Cleopatra, Marie Curie, Indira Gandhi, Angela Merkel, Florence Nightingale, and Margaret Thatcher are only some of the history’s outstanding female leaders. They made progress in politics, social change, and medical innovation despite the male-dominated spheres in which those women flourished.
Feminine insights and mindsets let them achieve their goals, through a few female contemporaries rose as high in society decades and centuries ago. Gender bias was a formidable problem that lessened over time.
Female Leadership is a more acceptable reality today. There are reasons why increasing numbers of women reach such heights.
There’s scientific evidence that women make great leaders for biological and intellectual reasons. Female brains are built to focus on communication, memory, plus emotional and social connections.
Women Want Everyone Involved
Women tend to create allies who help them to achieve goals, aka shared victories. That’s excellent for the mental health of their minions. Men focus on perception plus counter-productive competitiveness, limiting their odds of being effective authority figures/leaders. They’ll stake out territory, frustrating an employee’s or colleague’s access to information and sabotaging or preventing decision-making roles. The motivation is too often a desire for exclusive, unshared, goal-achieving glory. True leaders, however, foster success from the top down and bottom up of their organizations, guiding grateful people inside and even outside those groups. It’s a feminine mindset.
Less successful people tend to behave tyrannically, alienating underlings who might consequently sabotage the tyrant’s efforts. Authoritative, power-grabbing figures aren’t genuine leaders. Women rarely fill such roles. Women avoid making enemies or weak yes-men of people.
Members of the female-led organization usually give what they’re able and receive what they need, a sort of Marxism that can’t succeed in too-large groups.
As the article The World’s Most Powerful Women 2019 – Forbes indicates, some women become great leaders by prioritizing staff members and colleagues’ interests rather than alienating stressed-out people with rigid formalities.
Life Lessons and Ladylike Leadership
Building on the tortuous path they traversed makes some women great leaders. The solution-oriented balancing experience lets them practice making effective decisions, gaining insights into what will or won’t help them achieve goals. Women apply those life lessons to their employment and leadership goals.

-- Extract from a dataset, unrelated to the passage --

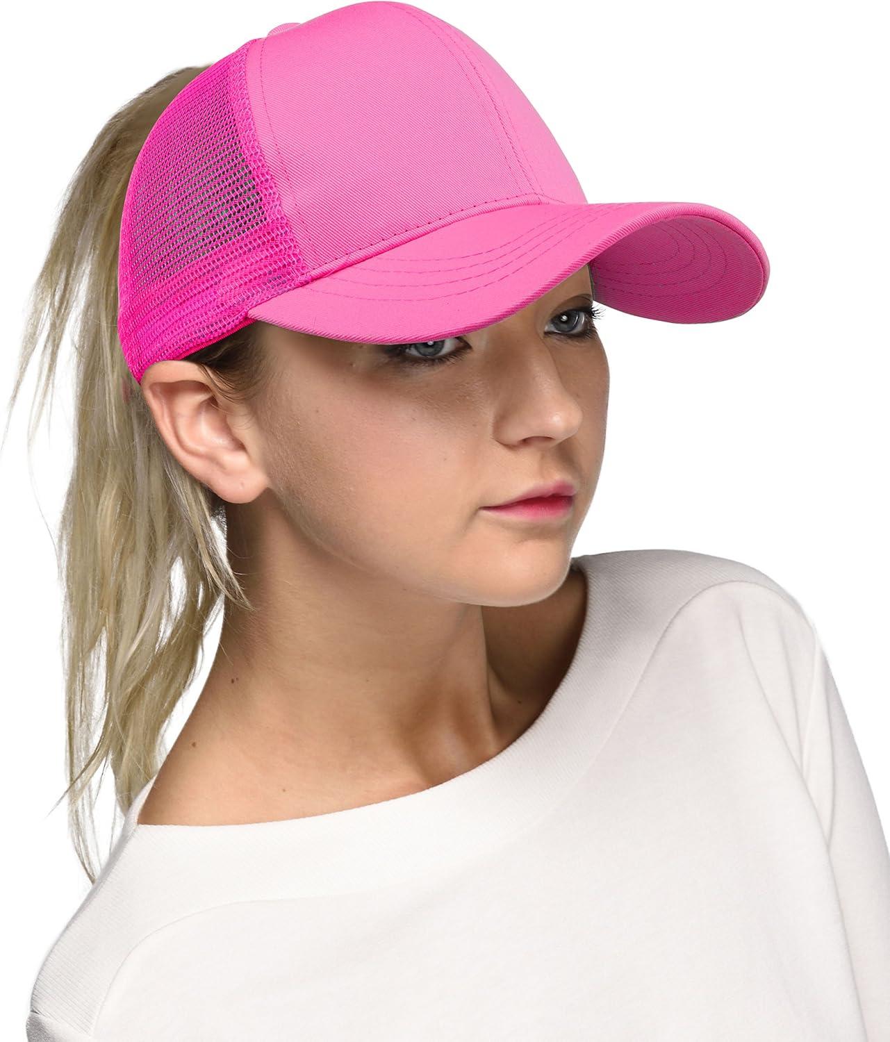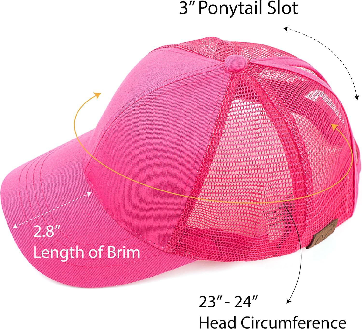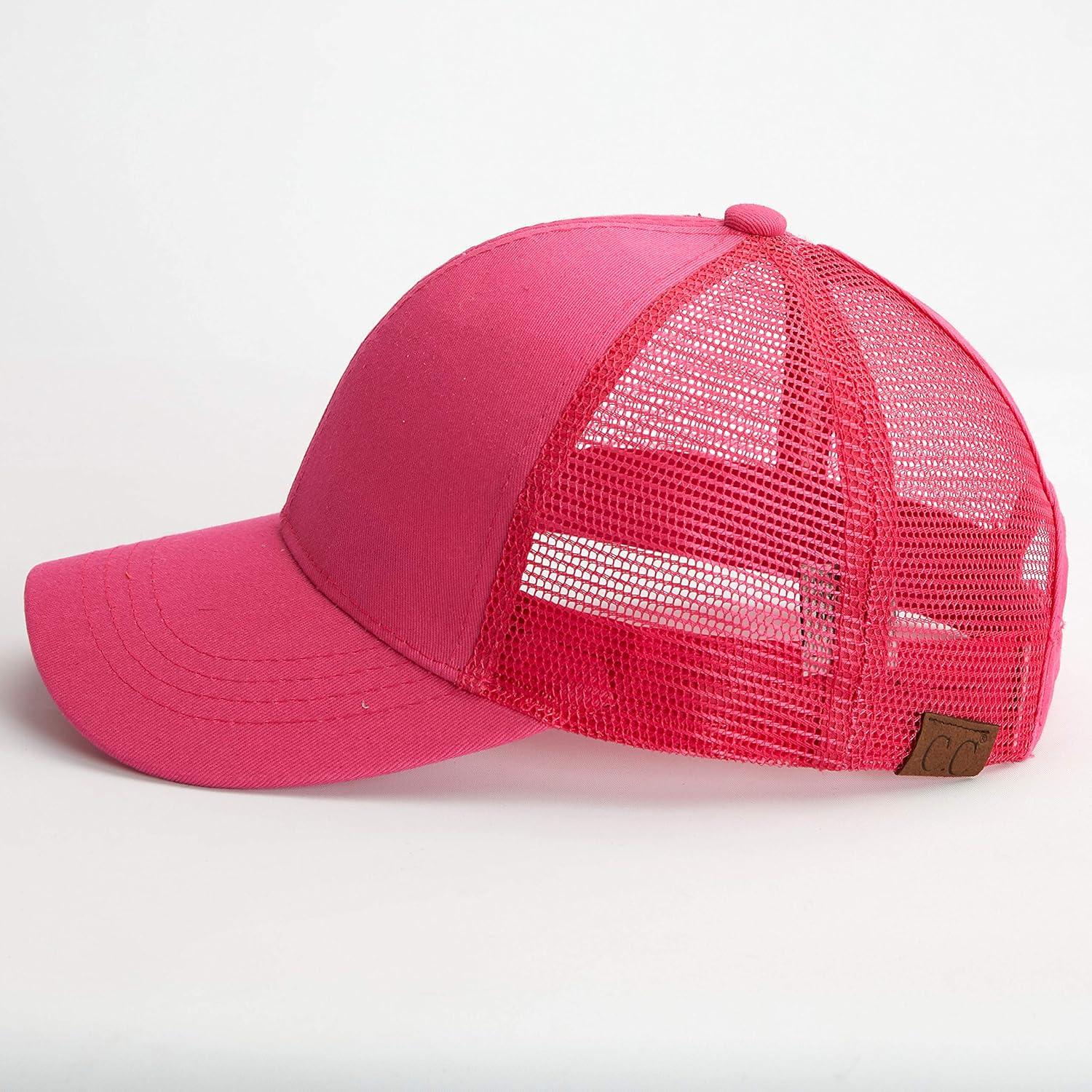 C.C Hatsandscarf Ponytail caps Messy Buns Trucker Plain Baseball Cap (BT-6)(Hot Pink)
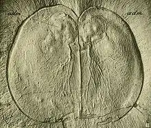 | Pakucaris | Arthropoda | Order | A hymenocarine that ranged in length from 11.65 to 26.6 millimetres (0.459 to 1.047 in). The main bivalved carapace covers around 80% of the body, with the pygidium covering the remaining 20%. | ![]() | ||

Competition with men fosters inner strengths that help women to persevere instead of collapsing over disappointments or glitches, especially if women must overcome gender bias and blatant sabotage of their efforts by insecure males. That requires resolve. Female leaders in any sphere of life tend to excel at it. That’s how they achieve their objectives.
A maxim indicates that “Women work twice as hard and twice as smart as men to secure half the credit.” Women in minority populations too often must make even more concerted efforts to succeed in the world. Finessing such formidable treks develops and perfects superb leadership skills along the way.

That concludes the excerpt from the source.